Customer demo: common questions answered with safefeat
This page shows how to answer common product / growth questions using the
synthetic customer dataset shipped with safefeat.
Setup: load the demo data
The synthetic customer dataset ships with safefeat and can be loaded directly:
from safefeat.datasets import load_customer_demo
events, spine = load_customer_demo()
print(events.head())
#entity_id | event_time | session_id | event_type | amount | channel | device | product_category | payment_method
# cust_00001 | 2023-02-22 01:07:37 | s_0000022 | visit | 0.0 | organic | web | books | NaN
print(spine.head())
# entity_id | cutoff_time | churned
# cust_0001 | 2024-04-01 | 1
Build the feature matrix
import pandas as pd
from safefeat import build_features, WindowAgg, RecencyBlock
spec = [
WindowAgg(
table="events",
windows=["7D", "30D", "90D"],
metrics={
"*": ["count"], # overall activity
"amount": ["sum", "mean"], # spend behaviour
"event_type": ["nunique"], # diversity of actions
"channel": ["nunique"], # marketing breadth
"device": ["nunique"], # device diversity
"product_category":["nunique"], # browsing breadth
},
),
RecencyBlock(table="events"), # days since last event
RecencyBlock( # days since last purchase
table="events",
filter_col="event_type",
filter_value="purchase",
),
]
X = build_features(
spine=spine[["entity_id", "cutoff_time"]],
tables={"events": events},
spec=spec,
event_time_cols={"events": "event_time"},
allowed_lag="0s",
)
# attach churn label
X = X.merge(
spine[["entity_id", "cutoff_time", "churned"]],
on=["entity_id", "cutoff_time"],
how="left",
)
Columns produced:
| Feature group | Columns | What it captures |
|---|---|---|
| Activity | events__n_events__7d/30d/90d |
Overall engagement level |
| Spend | events__amount__sum__7d/30d/90d |
Total spend in window |
| Avg spend | events__amount__mean__7d/30d/90d |
Average transaction size |
| Action diversity | events__event_type__nunique__7d/30d/90d |
Mix of visits, views, purchases |
| Channel diversity | events__channel__nunique__7d/30d/90d |
How many channels engaged |
| Device diversity | events__device__nunique__7d/30d/90d |
Web vs mobile usage |
| Category breadth | events__product_category__nunique__7d/30d/90d |
Browsing diversity |
| Recency | events__recency |
Days since any event |
| Purchase recency | events__recency__event_type_purchase |
Days since last purchase |
Common questions
Q1: Who are my most active customers in the last 30 days?
top_active = (
X[["entity_id", "events__n_events__30d"]]

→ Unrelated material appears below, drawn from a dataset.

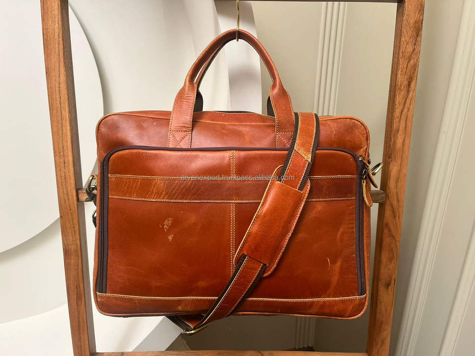New Real Handmade Full Grain Genuine Leather Messenger Bag Laptop Case File Holder Office Bags Unisex Crossbody Shoulder Bag

.sort_values("events__n_events__30d", ascending=False)
.head(10)
)
print(top_active)
Q2: Which customers haven't purchased recently? (early churn signal)
at_risk = (
X[["entity_id", "events__recency__event_type_purchase", "events__recency"]]
.dropna(subset=["events__recency__event_type_purchase"]) # exclude customers who never purchased
.sort_values("events__recency__event_type_purchase", ascending=False)
.head(10)
)
print(at_risk)
Note:
events__recency__event_type_purchaseisNaNfor customers who have never made a purchase before the cutoff.
Q3: Who are my high-spend customers in the last 90 days?
high_spend = (
X[["entity_id", "events__amount__sum__90d", "events__amount__mean__90d"]]
.sort_values("events__amount__sum__90d", ascending=False)
.head(10)
)
print(high_spend)
Q4: Do churned customers behave differently before the cutoff?
churn_comparison = (
X.groupby("churned")[[
"events__n_events__30d",
"events__amount__sum__30d",
"events__recency",
"events__recency__event_type_purchase",
]]
.mean()
.round(2)
)
print(churn_comparison)
Expected pattern: churned customers will have lower event counts and spend, and higher recency values — exactly what point-in-time features capture without leakage.